Detection and Quantification of ctDNA for Longitudinal Monitoring of Treatment in Non-Small Cell Lung Cancer Patients Using a Universal Mutant Detection Assay by Denaturing Capillary Electrophoresis

Abstract

Background: Observation of anticancer therapy effect by monitoring of minimal residual disease (MRD) is becoming an important tool in management of non-small cell lung cancer (NSCLC). The approach is based on periodic detection and quantification of tumor-specific somatic DNA mutation in circulating tumor DNA (ctDNA) extracted from patient plasma. For such repetitive testing, complex liquid-biopsy techniques relying on ultra-deep NGS sequencing are impractical. There are other, cost-effective, methods for ctDNA analysis, typically based on quantitative PCR or digital PCR, which are applicable for detecting specific individual mutations in hotspots. While such methods are routinely used in NSCLC therapy prediction, however, extension to cover broader spectrum of mutations (e.g., in tumor suppressor genes) is required for universal longitudinal MRD monitoring. Methods: For a set of tissue samples from 81 NSCLC patients we have applied a denaturing capillary electrophoresis (DCE) for initial detection of somatic mutations within 8 predesigned PCR amplicons covering oncogenes and tumor suppressor genes. Mutation-negative samples were then subjected to a large panel NGS sequencing. For each patient mutation found in tissue was then traced over time in ctDNA by DCE. Results: In total we have detected a somatic mutation in tissue of 63 patients. For those we have then prospectively analyzed ctDNA from collected plasma samples over a period of up to 2 years. The dynamics of ctDNA during the initial chemotherapy therapy cycles as well as in the long-term follow-up matched the clinically observed response. Conclusion: Detection and quantification of tumor-specific mutations in ctDNA represents a viable complement to MRD monitoring during therapy of NSCLC patients. The presented approach relying on initial tissue mutation detection by DCE combined with NGS and a subsequent ctDNA mutation testing by DCE only represents a cost-effective approach for its routine implementation.
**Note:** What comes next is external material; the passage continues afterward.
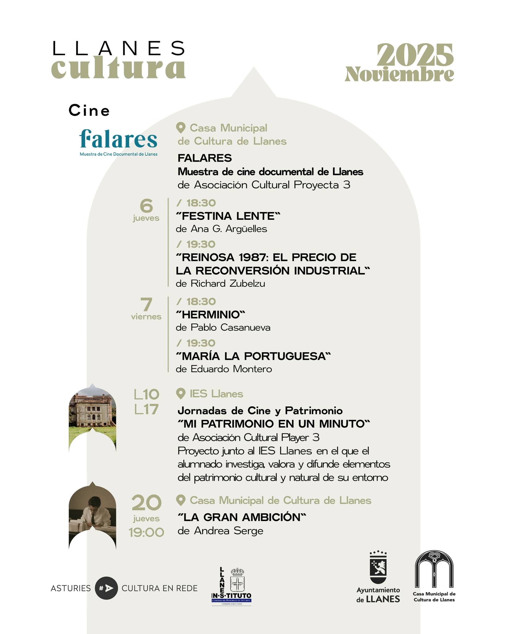 La Casa de Cultura de Llanes acogerá los días jueves 6 y viernes 7 de noviembre una nueva cita con el cine documental contemporáneo, reuniendo obras premiadas y reconocidas en distintos festivales nacionales. Las proyecciones, abiertas al público, ofrecerán una mirada diversa sobre la memoria, el arte, la identidad y las transformaciones sociales.

Keywords: KRAS mutations; NSCLC; TP53 mutations; capillary electrophoresis; ctDNA; liquid biopsy; minimal residual disease.

FIGURE 1

Scheme of multi-tier mutation testing in tissue samples prior to ctDNA monitoring in plasma.

FIGURE 2

Distribution of mutations found in tissue of 81 NSCLC patients. Specific primers were designed for the mutations identified by NGS to allow for subsequent ctDNA testing in plasma by the DCE method.

FIGURE 3

Results of DCE mutation analysis for tissue and plasma illustrated for mutations found in tumor-suppressor genes MET (A) and TP53 (B). DCE conditions: Instrument: Applied Biosystems SeqStudio Genetic Analyzer, Injection: 1kV/10 s, Running voltage: 13 kV, Running temperature: 44°C [MET, Panel A], 54°C [TP53, Panel B].

FIGURE 4

Waterfall plot showing the treatment benefit in 28 patients according to relative change in ctDNA levels between the start of the first and the end of the second cycle of first-line chemotherapy. PD—progression (red), SD—stabilization (yellow), PR—partial + CR—complete response (green).

FIGURE 5

DCE longitudinal MRD monitoring for advanced NSCLC patients undergoing chemotherapy (MAF—% of mutated minor allele fraction). The red arrows denote clinically confirmed disease progression.